Я вынул ручные гранаты из своих белых штанов и стал ими в шутку жонглировать, стоя на ковре посреди мечети.
Имамы тихо вынули из-под скамейки пару пустых бутылок.
— Капитан велик, — сказали они, — но ты всемогущ и милостив.
Удовлетворенные нехитрым ответом, мы с немкой, схватившись за руки, уехали на автобусе на могилу Василия Сталина, умершего здесь в хрущевской ссылке. У Василия — отбитая фотография, искусственные цветы и венки, восточные сладости траурных принадлежностей. Восточных деталей России не занимать. Взять хотя бы тот же автобус. Кабина водителя — со всякими занавесочками, рюшечками, иконками и салфеточками — это скорее алтарь, чем кабина. Такая кабина гораздо ближе к Индии, чем к Европе.
На дне
За завтраком ко мне подошел капитан с озабоченным видом.

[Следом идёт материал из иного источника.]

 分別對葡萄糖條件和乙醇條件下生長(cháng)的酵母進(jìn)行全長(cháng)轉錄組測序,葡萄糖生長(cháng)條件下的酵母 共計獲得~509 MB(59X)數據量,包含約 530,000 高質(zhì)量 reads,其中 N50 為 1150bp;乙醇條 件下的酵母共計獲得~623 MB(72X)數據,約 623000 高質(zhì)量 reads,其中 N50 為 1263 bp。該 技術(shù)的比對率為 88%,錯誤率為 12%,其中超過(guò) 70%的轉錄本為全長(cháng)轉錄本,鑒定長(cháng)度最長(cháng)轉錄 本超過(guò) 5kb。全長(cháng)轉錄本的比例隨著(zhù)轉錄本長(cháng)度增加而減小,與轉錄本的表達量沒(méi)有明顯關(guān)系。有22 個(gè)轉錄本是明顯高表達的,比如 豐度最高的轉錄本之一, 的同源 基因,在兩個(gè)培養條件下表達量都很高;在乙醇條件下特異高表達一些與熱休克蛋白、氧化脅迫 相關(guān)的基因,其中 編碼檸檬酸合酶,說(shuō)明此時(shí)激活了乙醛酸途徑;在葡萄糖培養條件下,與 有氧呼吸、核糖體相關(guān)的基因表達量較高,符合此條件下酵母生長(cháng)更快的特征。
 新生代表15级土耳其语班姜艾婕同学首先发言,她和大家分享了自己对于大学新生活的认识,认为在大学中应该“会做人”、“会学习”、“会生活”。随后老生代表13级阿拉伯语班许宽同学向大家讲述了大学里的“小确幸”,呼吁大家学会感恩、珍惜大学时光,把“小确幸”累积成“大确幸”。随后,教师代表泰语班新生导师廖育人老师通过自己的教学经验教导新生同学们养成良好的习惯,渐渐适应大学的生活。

— Из каюты вашей немки всю ночь доносились страшные крики, — сообщил он.
— Не обращайте внимания, — усмехнулся я. — Ей снятся кошмары. Ее дедушка воевал под Сталинградом.
— Ах, вот оно что! — успокоился капитан. — В Самаре, — дружелюбно добавил он, — не забудьте посмотреть бункер Сталина.

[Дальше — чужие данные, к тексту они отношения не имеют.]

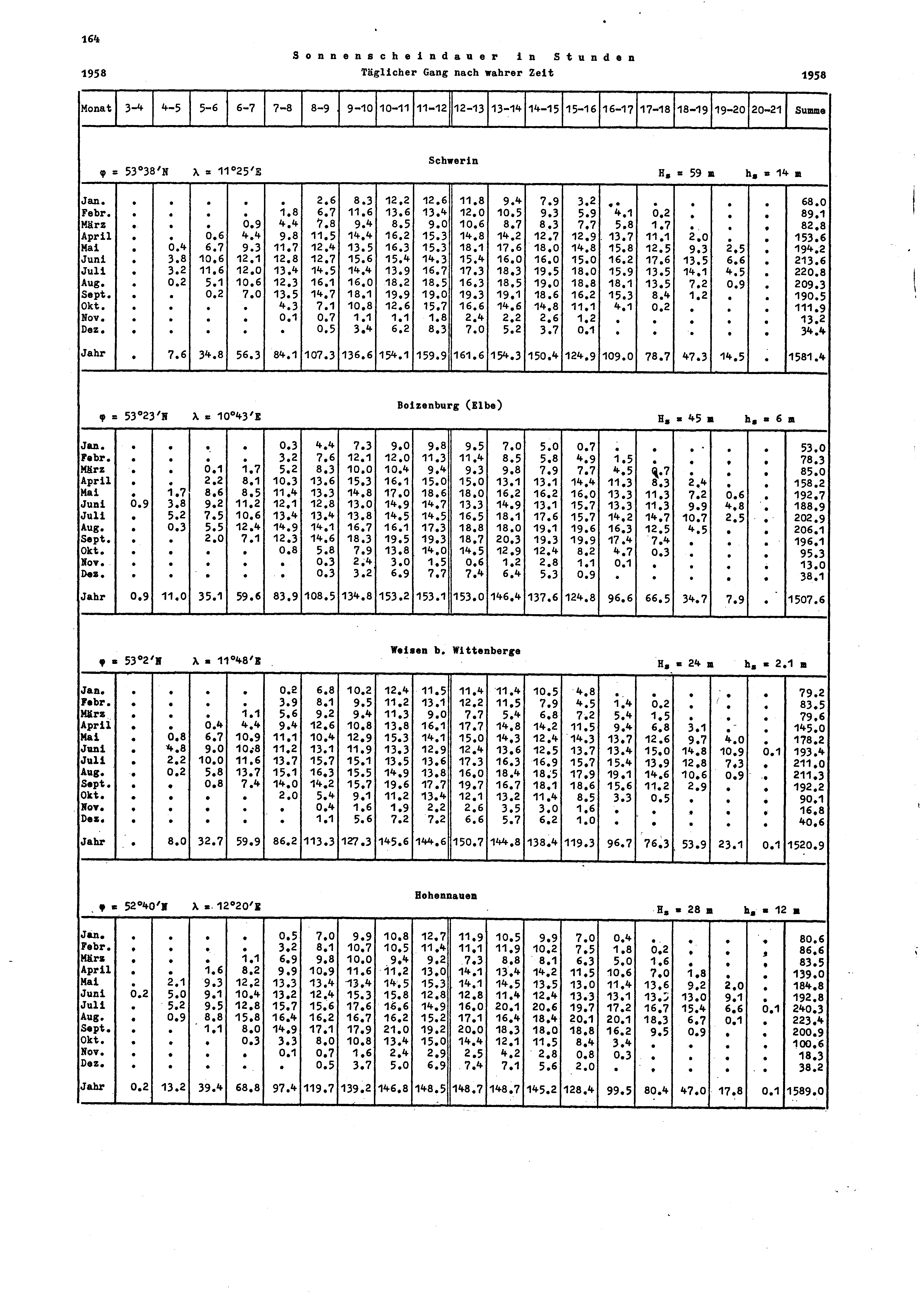 Sonnenscheinbeobachtungen

В каждом русском городе — своя невидаль. Тамбов славится небоскребами. Орел — пирожными, Тула — ночными поллюциями, Астрахань — прародина компьютеров. Самару Борис Годунов повелел заселить сволочью. В Самаре черным-черно от рабочих.
Рабочая сила кормила нас шоколадными конфетами, поила коньяком и не задала ни одного вопроса. Мы тоже ни о чем не спросили. Мне нравится пролетарское гостеприимство.

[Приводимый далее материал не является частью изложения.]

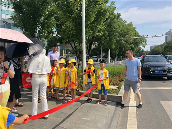 “叔叔,這個框子不能擺在路邊哦,垃圾也要倒在垃圾桶里,我給您發(fā)一個文明倡議書,您看一下”,“奶奶,不能橫穿馬路喲,紅燈停,綠燈行,要注意交通安全喲”......7月20日,35名小小志愿者來到古城社區(qū),參加古城社區(qū)小太陽志愿服務(wù)隊創(chuàng)文主題活動。一個個身穿黃色馬甲的小小身影成為馬路上一道靚麗的風(fēng)景線。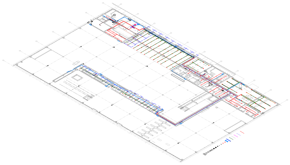 Além disso também nos é possível desenvolver para redes completas, kits pré-fabricados devidamente identificados de forma a que a rede possa ser mais facilmente assemblada em obra reduzindo tempo de execução em obra. Todo o trabalho de preparação/engenharia é realizado usando tecnologia BIM/Revit de forma a permitir detetar e corrigir eventuais constrangimentos/conflitos entre arquitetura/estrutura/especialidades.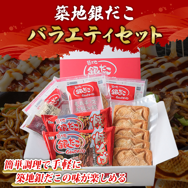 ・3種類の味わいが詰まった「築地銀だこ バラエティセット」をお届けします。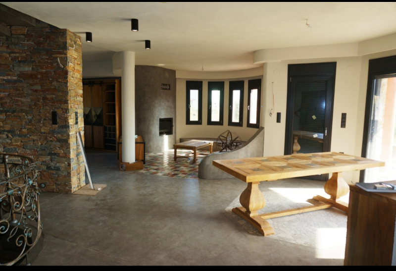 Вилата е със следното разпределение: полусутерен, спалня за гости с баня, складово помещение, фитнес зала. Приземен етаж, състоящ се от самостоятелна кухня, трапезария, две всекидневни, енергийна камина, тоалетна и килер. Вътрешно стълбище от желязо води до етаж с три спални, две бани и гардеробна. Имотът е с много добра конструкция с топлоизолация, подово отопление мраморен под, а парцелът е в близост до морето.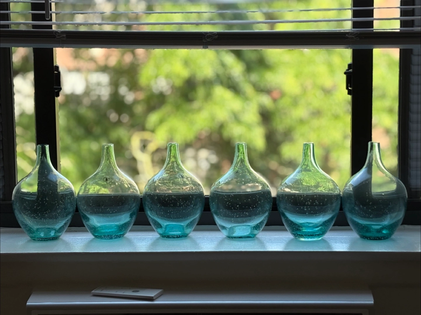 I'm selling these decorative glass bottles. Set of 6. Vintage treasures from IKEA. They have a unique design and would look great in any home. They are in good condition and ready for a new home!

Объевшись шоколадными конфетами, мы зашли в здание бывшего обкома партии, выстроенное в духе купеческого эклектизма 1880-х годов.
— А где тут можно у вас покакать? — окликнула немка усатую гардеробщицу, суча ногами от нетерпения. Мы сразу попали в культурологический нерв. Русская женщина открыто просится только по малой нужде. «Я пошла писать», — весело заявляет она. Но большую нужду скрывает с таинственностью, достойной шпионского фильма. В просторном холле нас проводили к скромной двери. За такой дверью в России обычно находится мелкое помещение для уборщицы: стоят ведра, швабры, висит серый халат. Но когда дверь открылась, мы с немкой в один голос ахнули: это был вход в огромный подземный мир.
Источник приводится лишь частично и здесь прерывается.